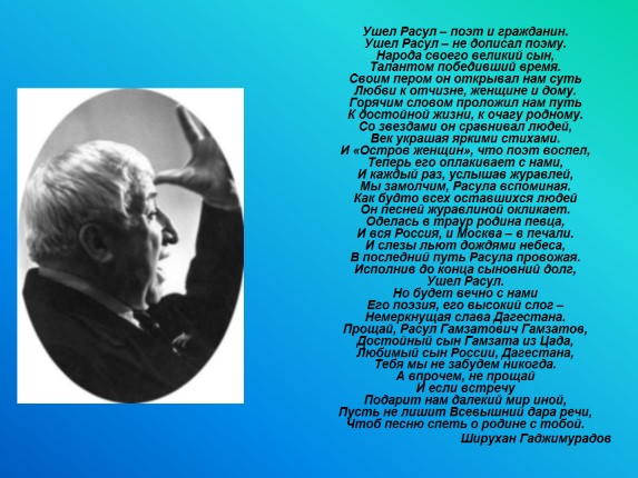 Ушел Расул – поэт и гражданин. Ушел Расул – не дописал поэму. Народа своего великий сын, Талантом победивший время. Своим пером он открывал нам суть Любви к отчизне, женщине и дому. Горячим словом проложил нам путь К достойной жизни, к очагу родному. Со звездами он сравнивал людей, Век украшая яркими стихами. И «Остров женщин», что поэт воспел, Теперь его оплакивает с нами, И каждый раз, услышав журавлей, Мы замолчим, Расула вспоминая. Как будто всех оставшихся людей Он песней журавлиной окликает. Оделась в траур родина певца, И вся Россия, и Москва – в печали. И слезы льют дождями небеса, В последний путь Расула провожая. Исполнив до конца сыновний долг, Ушел Расул. Но будет вечно с нами Его поэзия, его высокий слог – Немеркнущая слава Дагестана. Прощай, Расул Гамзатович Гамзатов, Достойный сын Гамзата из Цада, Любимый сын России, Дагестана, Тебя мы не забудем никогда. А впрочем, не прощай И если встречу Подарит нам далекий мир иной, Пусть не лишит Всевышний дара речи, Чтоб песню спеть о родине с тобой.
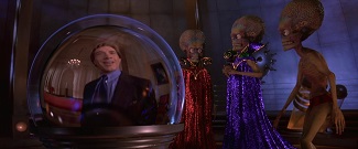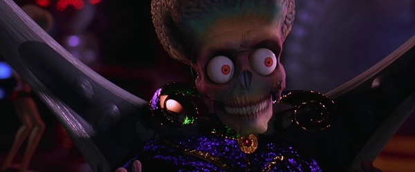Au vu de l’éternelle fascination de Tim Burton pour les freaks (en particulier) et pour la perception de tout ce qui est « différent » (en général), il paraîtrait logique que les Martiens soient ici les dépositaires de son propre point de vue. Or, rien n’est moins sûr. Déjà, en matière de pure caractérisation, ces créatures ne font que décliner – certes sous un angle ouvertement comique – l’éternel cliché du petit homme vert tel que la bande dessinée et le 7ème Art ont pu l’imposer. En gros, rien de moins ici que des bipèdes à la cervelle disproportionnée, dessinés en allusion directe aux aliens des Survivants de l’infini, et sur lesquels Burton plaque ses idées loufoques : ses Martiens causent comme Donald Duck, bavent devant Playboy, ne supportent pas les piafs et les montres, et n’ont pour seule faille fatale que la musique country (en l’occurrence le yodel très accentué de Slim Whitman dans la chanson Indian Love Call). De même que la planète Mars, ici visualisée en vingt secondes chrono lors des plans inauguraux du film, se limite à un relief peint en rouge vermillon et recouvert de stalagmites en carton-pâte. En réalité, la déformation vient ici moins de la nature des Martiens que de leur comportement déviant et des expériences farfelues qu’ils pratiquent ici (vision sidérante à la Salvador Dali d’une humaine qui se retrouve avec la tête greffée sur le corps de son chihuahua !). Comme nous sommes chez l’auteur d’Edward aux mains d’argent, c’est la normalité qui finit toujours par devenir source d’anormalité, et vice versa.
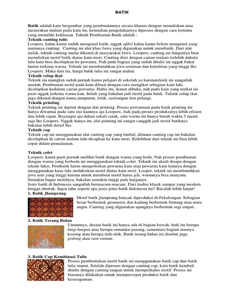 Batik adalah lukisan yang dibuat pada kain mori menggunakan cairan malam atau lilin dan canting sebagai alat untuk membatik.
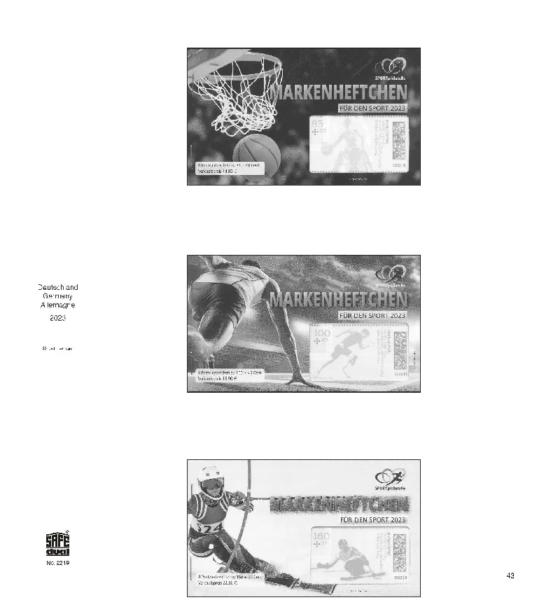 De supplementen met voordrukbladen van Safe, van het type Dual, zijn vervaardigd uit bijzonder stevig, houtvrij en verouderingsbestendig karton met een gewicht van 170 gr/m2. Deze hoogwaardige bladen zijn uitgevoerd in de kleur Champagne en voorzien van zuur- en weekmakervrije transparante voorblad(en). Deze insteekbladen beschermen uw postzegels, postzegelboekjes, velletjes enz. optimaal tegen invloeden van buitenaf, zonder het zicht op uw collectie te belemmeren.

━━━━━━

## Task goal
Write out again, word for word, only the lines from the one with "Batik adalah lukisan" through the last line of the material, and omit each picture.

## Your solution
 Batik adalah lukisan yang dibuat pada kain mori menggunakan cairan malam atau lilin dan canting sebagai alat untuk membatik.
 De supplementen met voordrukbladen van Safe, van het type Dual, zijn vervaardigd uit bijzonder stevig, houtvrij en verouderingsbestendig karton met een gewicht van 170 gr/m2. Deze hoogwaardige bladen zijn uitgevoerd in de kleur Champagne en voorzien van zuur- en weekmakervrije transparante voorblad(en). Deze insteekbladen beschermen uw postzegels, postzegelboekjes, velletjes enz. optimaal tegen invloeden van buitenaf, zonder het zicht op uw collectie te belemmeren.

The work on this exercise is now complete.